Core Themes of Rodrigues’s Analysis

  • Accessible Overview of Ambedkar’s Concepts
      • Provides a synthetic reading of Ambedkar on representation, power, democracy, nationalism and religion.
      • Highlights Ambedkar’s belief that human reform is possible through the right social conditions.
  • Nationalism and Justice
    • Ambedkar’s nationalism is tied to justice and fraternity, not identity markers like race or religion.
    • Warns that nationalism without safeguards becomes majoritarianism.
  • Representation and Rigged Systems
    • Ambedkar insisted that oppressed groups must represent themselves, not be represented by traditional oppressors.
    • His demand for separate electorates for Untouchables reflected fear of caste Hindu domination.
    • The 1937 elections confirmed his concerns—Congress candidates won even in reserved seats.
    • Even the BSP had to compromise within common electorates to gain viability.

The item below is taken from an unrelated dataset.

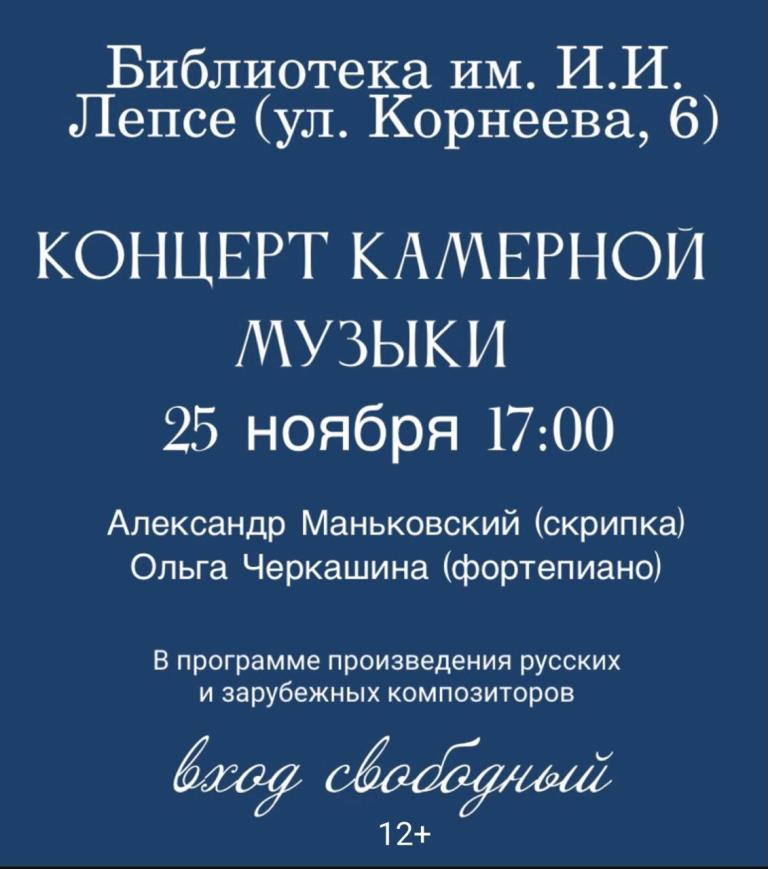 Библиотека №1 приглашает на Концерт камерной музыки.

Democracy, Power and Structural Barriers

  • Rodrigues notes that the State fails because it needs consent of entrenched elites who dominate Parliament.
  • Representation becomes partisan identity politics when universal ideals are absent.

Ambedkar and Political Hinduism

  • Ambedkar’s hostile relationship with Hinduism and eventual conversion to Buddhism highlight his belief that caste cannot be reformed from within Hindu structures.
  • Current political outreach mirrors Gandhi’s approach: caste treated as a social problem, symbolic acts over structural change.

Conclusion

  • Reading Ambedkar carefully reveals his critique of majoritarian nationalism, tokenism and elite capture.
  • As Foucault notes, studying the past helps understand the present. Ambedkar’s thought remains crucial to decode contemporary political Hinduism and debates on democracy and representation.